AutoTandemML: Active Learning Enhanced Tandem Neural Networks for Inverse Design Problems
This addresses efficiency bottlenecks in inverse design for scientific and engineering applications, though it appears incremental as it combines existing techniques.
The authors tackled the challenge of computationally expensive inverse design problems by proposing a hybrid approach combining active learning with Tandem Neural Networks. They demonstrated improved accuracy with fewer training samples across three benchmark problems, including airfoil and photonic surface design.

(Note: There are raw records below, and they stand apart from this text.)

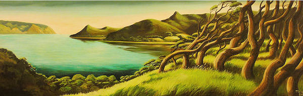 Her love of plants, trees, birds and water show throughout her work. This is never more apparent than in her latest stunning West Coast landscape paintings and in her intriguing Tree Ladies twisting on the canvas.
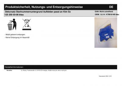 Titel: | Dekorsatz Startnummernuntergrund Aufkleber passt an Ktm Sx 125 250 03-06 blau |
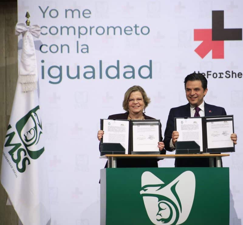 En el marco del Día Internacional de la Mujer, que se conmemora el 8 de marzo, signaron hoy este acuerdo el director general del IMSS, Zoé Robledo, y la representante de ONU Mujeres en México, Belén Sanz Luque, acción con la que el Instituto más grande de seguridad social en América Latina se compromete a ser agente de cambio por la igualdad.
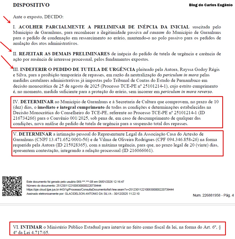Diante disto, o juiz Glacidelson Antonio da Silva, titular da Vara da Fazenda Pública de Garanhuns, proferiu decisão no último dia 30 de dezembro, sobre a Ação Popular nº 0006062-71.2025.8.17.2640, ajuizada por Rayssa Godoy, atual presidente do PSDB/Garanhuns, e que tem como réus a Prefeitura, a secretária de Cultura, Sandra Albino, a Associação Casa do Artesão de Garanhuns, e Vilma de Oliveira Rodrigues, dirigente da Associação.
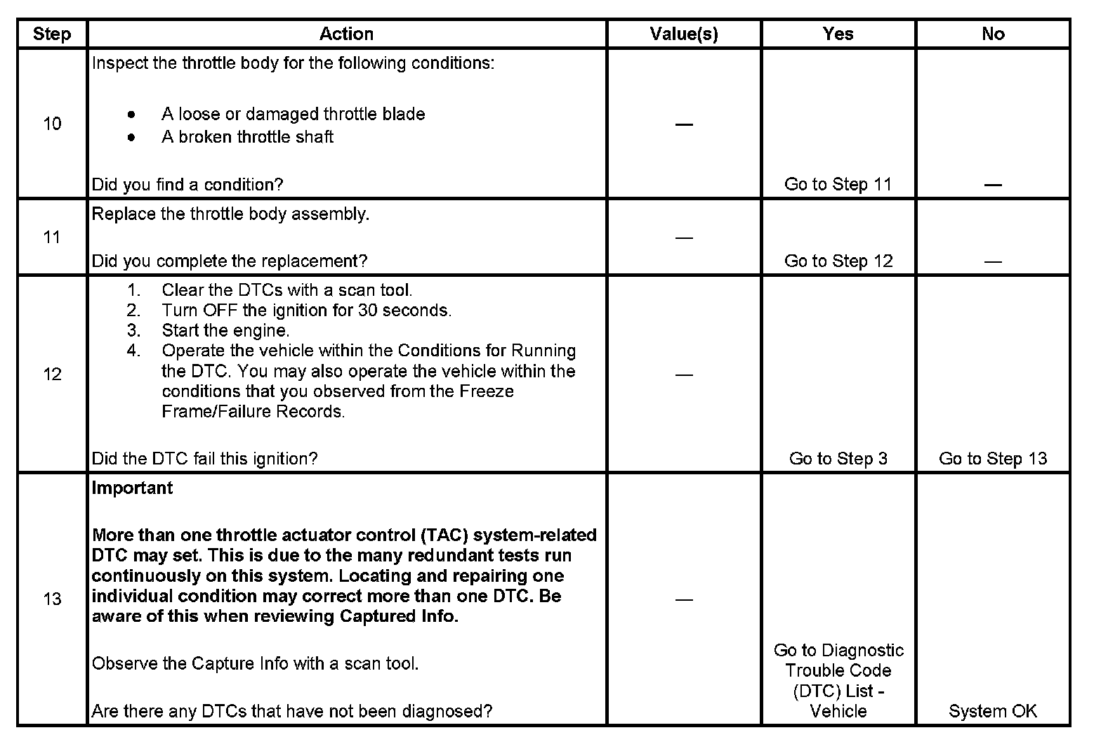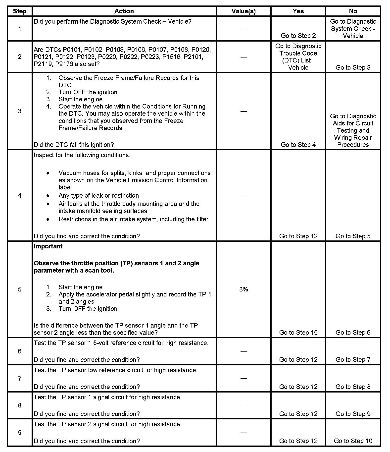 - DTCs P0101, P0102, P0103, P0106, P0107, P0108, P0120, P0121, P0122, P0123, P0220, P0221, P0222, P0223, P0601, P0602, P0603, P0604, P0606, P0607, P1516, P2101 are not set.
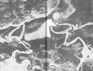 Среди демонов, духов, незримых сил и богов, окружавших древнего человека, почти повсеместно чувствуется постоянное присутствие Предков - или в виде призраков, или резных идолов (верхнее фото). Следуя советам предков, придерживаясь их обычаев, послушно идя по их стопам, племя могло быть уверено, что останется в безопасности. Строгое подчинение традиции являлось абсолютной необходимостью, так как даже малейшее отступление могло порвать цепь культурной преемственности. Однако общественные установления «примитивных» народов зачастую оказывались не менее угнетающими и оглупляющими, чем сегодняшние технические церемониалы и научный эксгибиционизм. Маска, возможно, появилась как приспособление, позволявшее быстро изменить внешность или поменяться ролями. Могущественное абстрактное изображение сверхъестественного существа предвосхищает некоторые из фантазий К.С. Льюиса или Олафа Стэплдона: замечательное изображение - правдоподобное вплоть до рудиментарных ножек - Большого Мозга! Подобные формы, часто называемые «примитивными», в действительности знаменуют заключительные стадии чрезвычайно сложной по своему устройству племенной культуры. На снимке группа соплеменников под зонтикообразной маской, изображающей священное существо, которую вместе надевают посвящаемые в таинства новички. Ангорам, Новая Гвинея.

Inverse design in science and engineering involves determining optimal design parameters that achieve desired performance outcomes, a process often hindered by the complexity and high dimensionality of design spaces, leading to significant computational costs. To tackle this challenge, we propose a novel hybrid approach that combines active learning with Tandem Neural Networks to enhance the efficiency and effectiveness of solving inverse design problems. Active learning allows to selectively sample the most informative data points, reducing the required dataset size without compromising accuracy. We investigate this approach using three benchmark problems: airfoil inverse design, photonic surface inverse design, and scalar boundary condition reconstruction in diffusion partial differential equations. We demonstrate that integrating active learning with Tandem Neural Networks outperforms standard approaches across the benchmark suite, achieving better accuracy with fewer training samples.